Po obejrzeniu gapiłem się w czarny ekran jeszcze kilkadziesiąt sekund i zastanawiałem się nad sensem swojego istnienia, aż doszedłem do wniosku, że powinienem przestać poszukiwać filmu doskonale po*ebanego, bo właśnie go znalazłem :D ale jest łapka w góre
It's basically about how all living creatures on Earth are complex and fascinating mechanisms and how humans shouldn't destroy other creatures. Of course, the approach to conveying this idea in a cartoon could've been a bit more... traditional, to say the least.

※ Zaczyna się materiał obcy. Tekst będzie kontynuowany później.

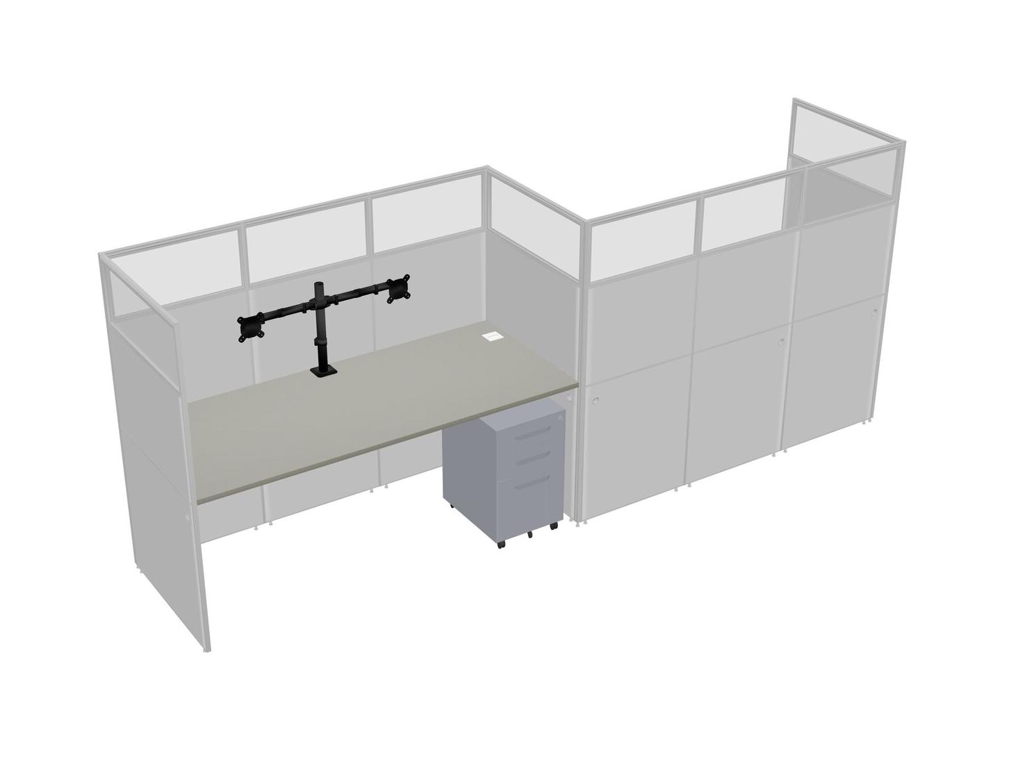 Grey Shadows Rectangular Cubicle Workstations For 2 - Zigzag Formation + Grey Metal Mobile Drawers
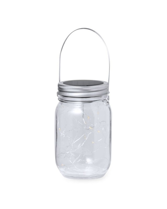Originale lampada solare a barattolo, realizzata in resistente materiale di vetro e con una striscia interna decorativa di 20 LED. Include un coperchio a vite in metallo con mini-pannello solare ricaricabile integrato e una batteria ricaricabile da 300 mAh. Con pratico manico per il trasporto o per appenderla e presentata in una scatola di design kraft individuale. - Diametro: 7.8 cm - Peso: 300 gr

Author is trying to mimic the typical technobabble from popular science TV series (mostly of his era) to present his pro-nature arguments. Some of them are quite clever and funny. For example - he takes a fly (insect) and counts the amount of fotoreceptors in its eyes, then multiplies that by the price of average fotodiode on the market. And then he states that by destroying a fly we are destroying a highly advanced biological machine worth over X million. :)
Это следует смотреть, только не зная польского. Только тогда понимаешь смысл этого произведения. Но сказать его, конечно же, никому не можешь. Так и ходишь. Вокруг поляки и прочие непосвященные тебе будут что-то говорить, но ты, в котором уже возобладала электрокапущоха, ты, сосчитавший вартощчи каждого ока мотэля, не дашь себя обмануть.
bardzo ciekawa animacja. Ten silnik mięśniowy... przy zastosowaniu czegoś w rodzaju sztucznych mięśni aktywowanych prądem elektrycznym to może mógł by zaistnieć...
hm film ma wartosc artystyczna ale edukacyjnie mija sie z celem z tego wzgledu ze osoby ktore niszcza jamniczka i tak sie nie pochyla nad tego typu przekazem a te co sie pochyla i docenia juz dwano wiedza ze jamniczek to bardzo skomplikowane mechanizmy i nie warto go niszczyc.